Увеличить |
XLVII
Прошло много времени, прошло сорок лет. Был 1853 год.
Русский отряд направлялся в третий со времени Петра
Великого, решительный поход в Среднюю Азию. Во главе отряда шел военный
генерал-губернатор Оренбургского края, шестидесятилетний, еще бодрый на вид, но
уже с слабым здоровьем, страдавший одышкой, генерал-адъютант, вскоре затем
граф, Василий Алексеевич Перовский. В его отряде находился молоденький,
белокурый и еще безусый офицер в адъютантской форме, как говорили, крестник
генерал-губернатора. Последний, доверяя ему часть своей переписки, оказывал ему
особое расположение. Это был внук Ксении, Павел Николаевич Тропинин.

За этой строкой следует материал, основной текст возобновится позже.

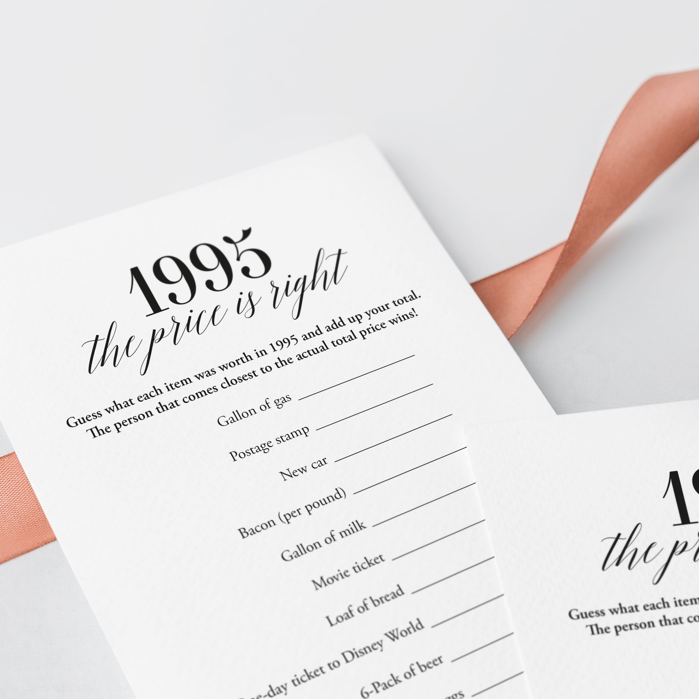 Step back in time with this fun 1995 The Price Is Right game. Whether you're celebrating a milestone anniversary, a 30th birthday party or just want to take a trip down memory lane, our 1995 The Price Is Right game is the perfect icebreaker and conversation starter that will have your guests laughing, competing and reliving the past.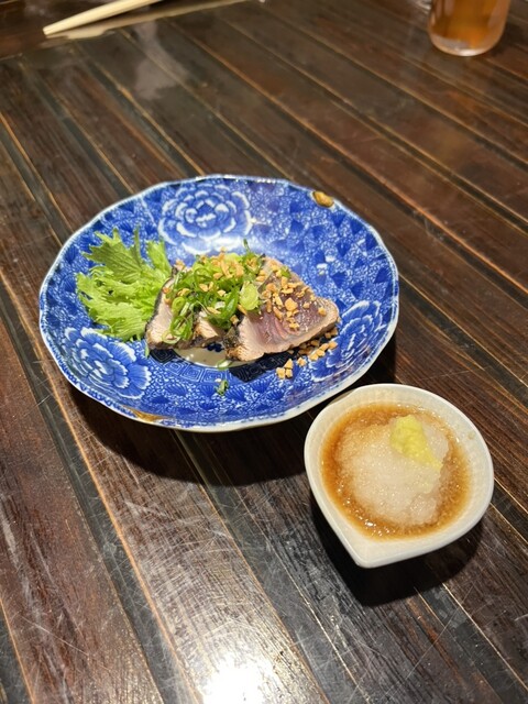 戻りカツオ桜たたき→普通の大根おろしとポン酢をかけて食べると美味しい!

Недавно из
кадетского корпуса, он был тайно влюблен где-то в Москве и, состоя при
начальнике отряда, с нетерпением ждал конца экспедиции, чтобы ехать и жениться
на любимой девушке. Среди невзгод и тяжестей походов командир отряда, покончив
с текущими приемами и распоряжениями, любил беседовать с юношей-крестником о
судьбах дикой пустыни, по которой они в это время шли и в глубине которой, сто
двадцать пять лет назад, разбитым и покоренным хивинским ханом был так
предательски перерезан весь русский отряд князя Бековича-Черкасского. Под
войлочной кибиткой, у спасительного самовара, старым командиром отряда нередко
делались поминки о более близкой поре — великой эпопее двенадцатого года, когда
рассказчику пришлось вынести тяжелый плен. В седоусом, суровом, а иногда даже
деспотически-желчном генерал-адъютанте, всегда сосредоточенном, сдержанном и
большею частью молчаливом, в эти мгновения пробуждался образ всеми забытого,
некогда молодого, говорливого и юношески-откровенного Базиля Перовского.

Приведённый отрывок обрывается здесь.